David D. Lewis
AT&T Labs - Research
lewis '@' research.att.com
documents came from Reuters newswire in 1987.
Data Set Information:
From the original readme file (please consult it for more information):
The documents in the Reuters-21578 collection appeared on the Reuters newswire in 1987. The documents were assembled and indexed with categories by personnel from Reuters Ltd. (Sam Dobbins, Mike Topliss, Steve Weinstein) and Carnegie Group, Inc. (Peggy Andersen, Monica Cellio, Phil Hayes, Laura Knecht, Irene Nirenburg) in 1987.
In 1990, the documents were made available by Reuters and CGI for research purposes to the Information Retrieval Laboratory (W. Bruce Croft, Director) of the Computer and Information Science Department at the University of Massachusetts at Amherst. Formatting of the documents and production of associated data files was done in 1990 by David D. Lewis and Stephen Harding at the Information Retrieval Laboratory.
Further formatting and data file production was done in 1991 and 1992 by David D. Lewis and Peter Shoemaker at the Center for Information and Language Studies, University of Chicago. This version of the data was made available for anonymous FTP as "Reuters-22173, Distribution 1.0" in January 1993. From 1993 through 1996, Distribution 1.0 was hosted at a succession of FTP sites maintained by the Center for Intelligent Information Retrieval (W. Bruce Croft, Director) of the Computer Science Department at the University of Massachusetts at Amherst.

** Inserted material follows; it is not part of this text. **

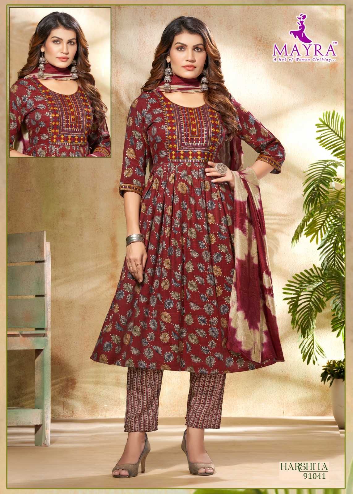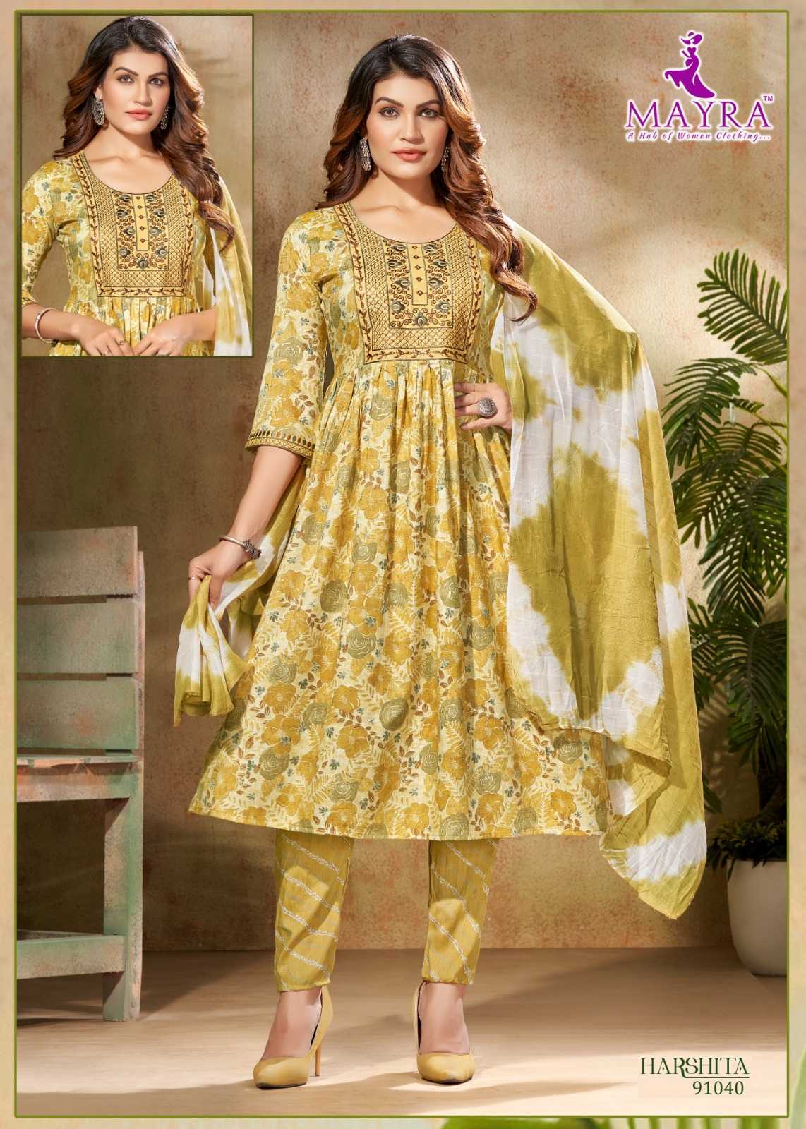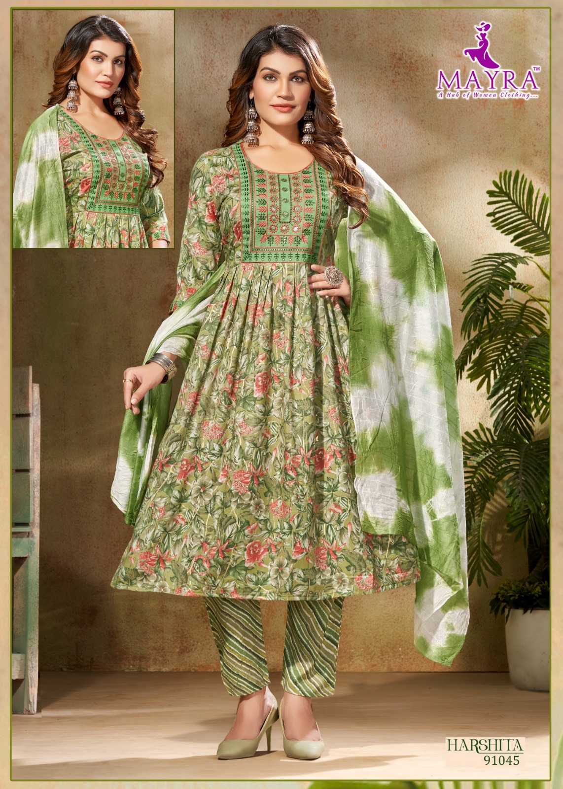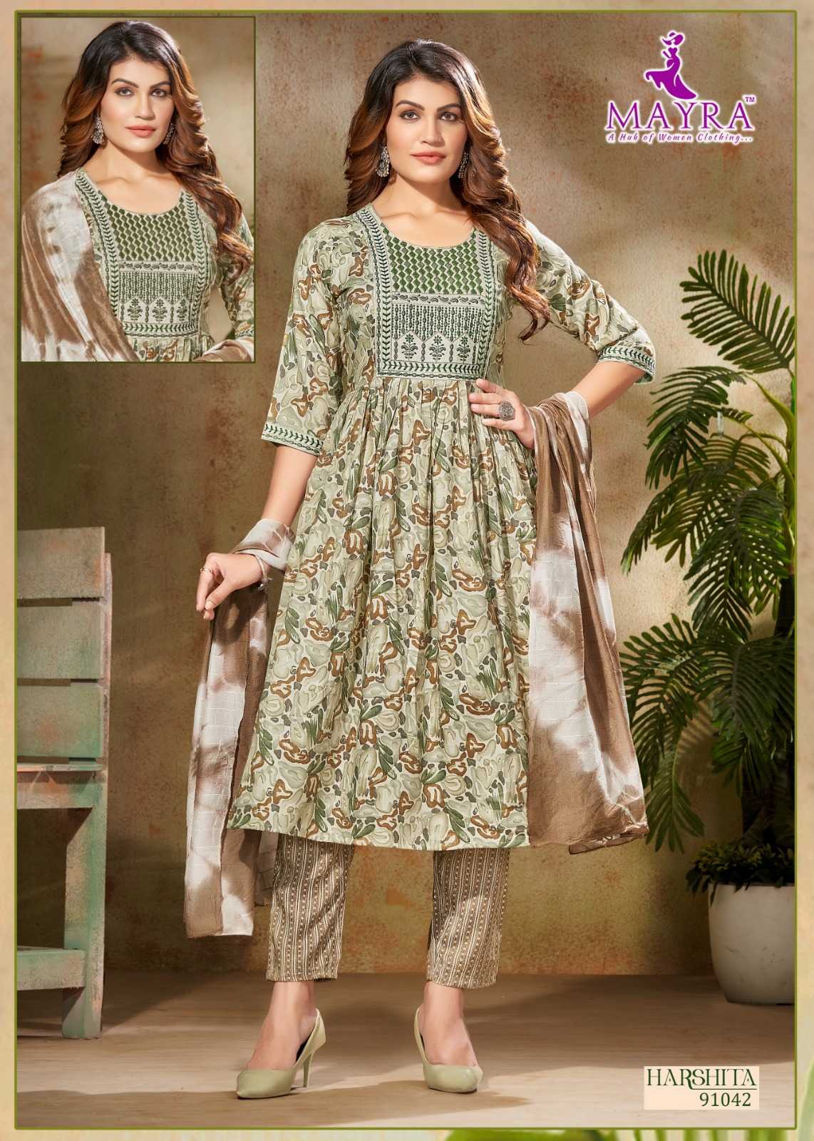 harshitha by mayra fashion capsule print full stitch elegant style 3pcs dress

At the ACM SIGIR '96 conference in August, 1996 a group of text categorization researchers discussed how published results on Reuters-22173 could be made more comparable across studies. It was decided that a new version of collection should be produced with less ambiguous formatting, and including documentation carefully spelling out standard methods of using the collection. The opportunity would also be used to correct a variety of typographical and other errors in the categorization and formatting of the collection.
Steve Finch and David D. Lewis did this cleanup of the collection September through November of 1996, relying heavily on Finch's SGML-tagged version of the collection from an earlier study. One result of the re-examination of the collection was the removal of 595 documents which were exact duplicates (based on identity of timestamps down to the second) of other documents in the collection. The new collection therefore has only 21,578 documents, and thus is called the Reuters-21578 collection. This README describes version 1.0 of this new collection, which we refer to as "Reuters-21578, Distribution 1.0".
In preparing the collection and documentation we have benefited from discussions with Eric Brown, William Cohen, Fred Damerau, Yoram Singer, Amit Singhal, and Yiming Yang, among many others.
We thank all the people and organizations listed above for their efforts and support, without which this collection would not exist.
Reuters-21578, Distribution 1.0 includes five files (all-exchanges-strings.lc.txt, all-orgs-strings.lc.txt, all-people-strings.lc.txt, all-places-strings.lc.txt, and all-topics-strings.lc.txt) which list the names of *all* legal categories in each set. A sixth file, cat-descriptions_120396.txt gives some additional information on the category sets.